What is the kinetic energy of an electron {mass = 9.1 x 10^ - 31 kg} when it is moving at 3.0 x 10^7 m/s {1/10 the velocity of light}?
KE = 1/2 m v^2
KE = 1/2 (9.1 x 10^ - 31)(3.0 x 10^7)
KE = 1.365 x 10^ -23
I don't know if this is right because what got me confused is the 1/10 the velocity of light.
No. You did not square velocity.
To find the kinetic energy of an electron, you can use the formula KE = 1/2 m v^2, where KE is the kinetic energy, m is the mass of the electron, and v is its velocity.
In this case, the mass of the electron is given as 9.1 x 10^-31 kg and the velocity is given as 3.0 x 10^7 m/s. However, you mentioned that the velocity is "1/10 the velocity of light," which is a significant clue.
The velocity of light is approximately 3.0 x 10^8 m/s.
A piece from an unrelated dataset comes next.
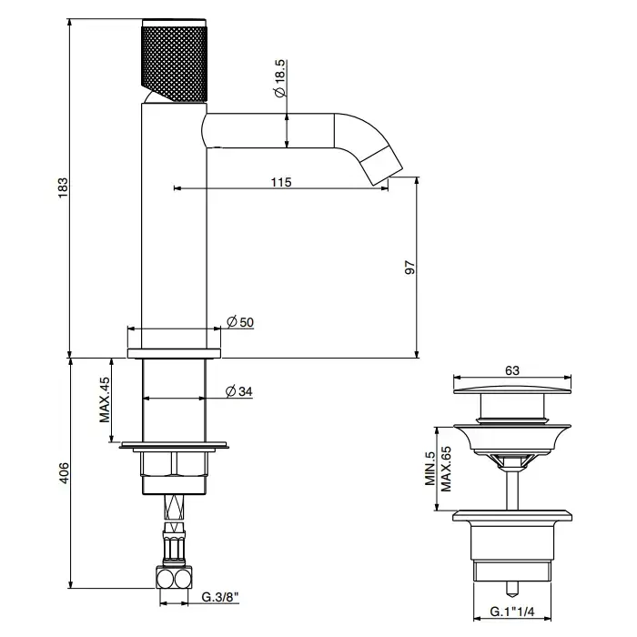 Gattoni MD Смеситель для раковины на 1 отверстие, ручка RONCO, высота излива 97,3 мм., с донным клапаном, цвет: хром
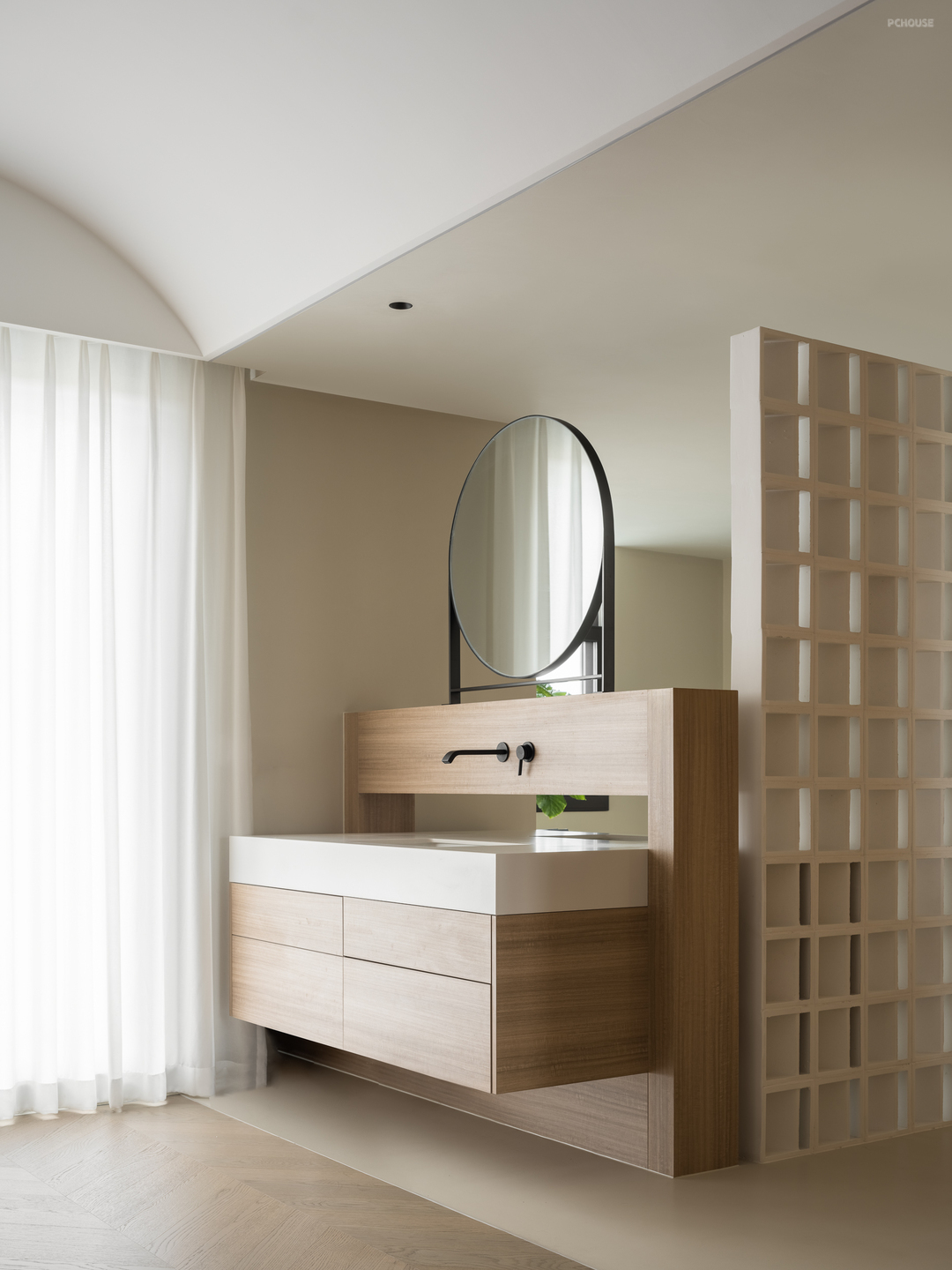 衣帽间与洗手间交界处,两侧均定制台盆,避免日常使用等位。浴室柜同样选择原木材质,与衣帽间形成元素呼应,柜体不落地更显轻盈,上方做镂空隔断,入墙水龙头视感简洁利落,上方一座圆形浴室镜,保证功能齐全且不影响空间通透感。

Therefore, if the electron's velocity is 1/10 the velocity of light, it would be 0.1 x 3.0 x 10^8 = 3.0 x 10^7 m/s.
Now, plugging in the values into the formula:
KE = 1/2 (9.1 x 10^-31 kg) (3.0 x 10^7 m/s)^2
Evaluating the expression:
KE = 1/2 (9.1 x 10^-31 kg) (9.0 x 10^14 m^2/s^2)
KE = 4.095 x 10^-17 J
Therefore, the kinetic energy of the electron is 4.095 x 10^-17 Joules.
Please note that the units for the kinetic energy are Joules (J).